Interestingly, we observed a shared autozygous interval spanning 5.08 Mb between our patient and another patient who we described in our recent MKS case series as the only case in which exome sequencing failed to identify a causal mutation after applying the various filters (case MKS_F18 in Shaheen et al)7 (figure 1D). Re-examination of the exome variants from MKS_F18 in this interval revealed a heterozygous missense variant in TMEM231 (NM_001077416.1:c.902A>C) that had not been considered because it was heterozygous. However, Sanger sequencing showed that this variant is in fact homozygous, suggesting a technical error in the calling of this variant during exome sequencing. The affected residue is absolutely conserved across species (figure 1E) and is highly predicted to be pathogenic based on PolyPhen (0.992), SIFT (Sorting Intolerant From Tolerant) (0), and MutationTaster (0.999). Like the splicing mutation, this mutation was absent in 200 in house Saudi exomes. Thus, we suggest that both homozygous variants are pathogenic and likely to be disease-causing.

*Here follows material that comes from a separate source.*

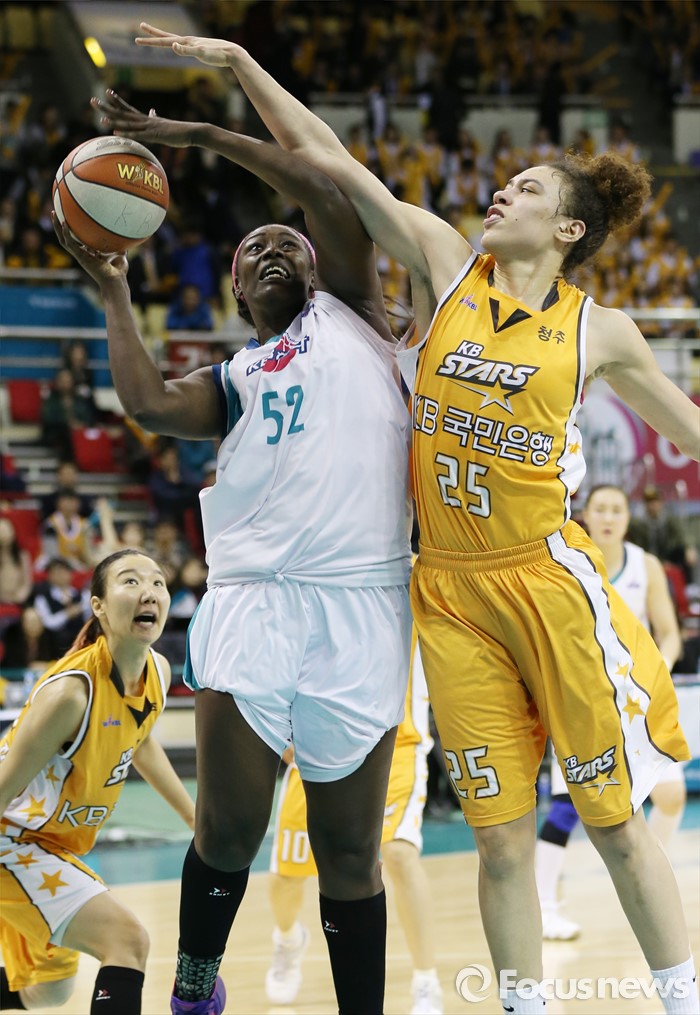 (부천=포커스뉴스) 10일 부천체육관에서 열린 2015-2016 여자프로농구 PO 1차전 KEB하나-KB스타즈 경기에서 KEB하나 첼시 리가 KB스타즈 햄비의 블록을 제치며 골밑슛을 시도하고 있다.

TMEM231 was recently identified as a protein that forms a complex with B9 and CC2D2A—two established MKS genes—at the transition zone of cilia, and that its deficiency at the cellular and organism level leads to ciliopathy.9 Very recently, compound heterozygosity for two mutations in TMEM231 was identified in three patients with Joubert syndrome.10 All three patients met the classical definition of Joubert syndrome as they had the constellation of oculomotor apraxia, molar tooth sign on brain MRI, breathing abnormalities, and developmental delay. While a subset of Joubert patients may have polydactyly and renal involvement like MKS, the clinical distinction between the two disorders is usually apparent. Thus, our finding of two pathogenic mutations in patients with classical MKS expands the list of genes that cause both disorders to also include TMEM231. Similar, as we have shown for TMEM237 and C5orf42, the correlation between the genotype of TMEM231 mutations and the resulting phenotype being Joubert syndrome or MKS remains undefined. It is unclear why the complete loss of function and missense mutations in TMEM231 found in our patients caused classical MKS while the compound heterozygous mutations in the same gene found in Srour's report resulted in Joubert syndrome.10 The consistent phenotype within a given family argues against stochastic factors during development. More likely, it appears that the phenotype is either allele-specific or at least genetic background-specific within a given family. Clearly, this will be the subject of future investigation once the cost of sequencing drops to a level that allows massive sequencing of entire cohorts of ciliopathy patients to assess for the contribution of modifiers.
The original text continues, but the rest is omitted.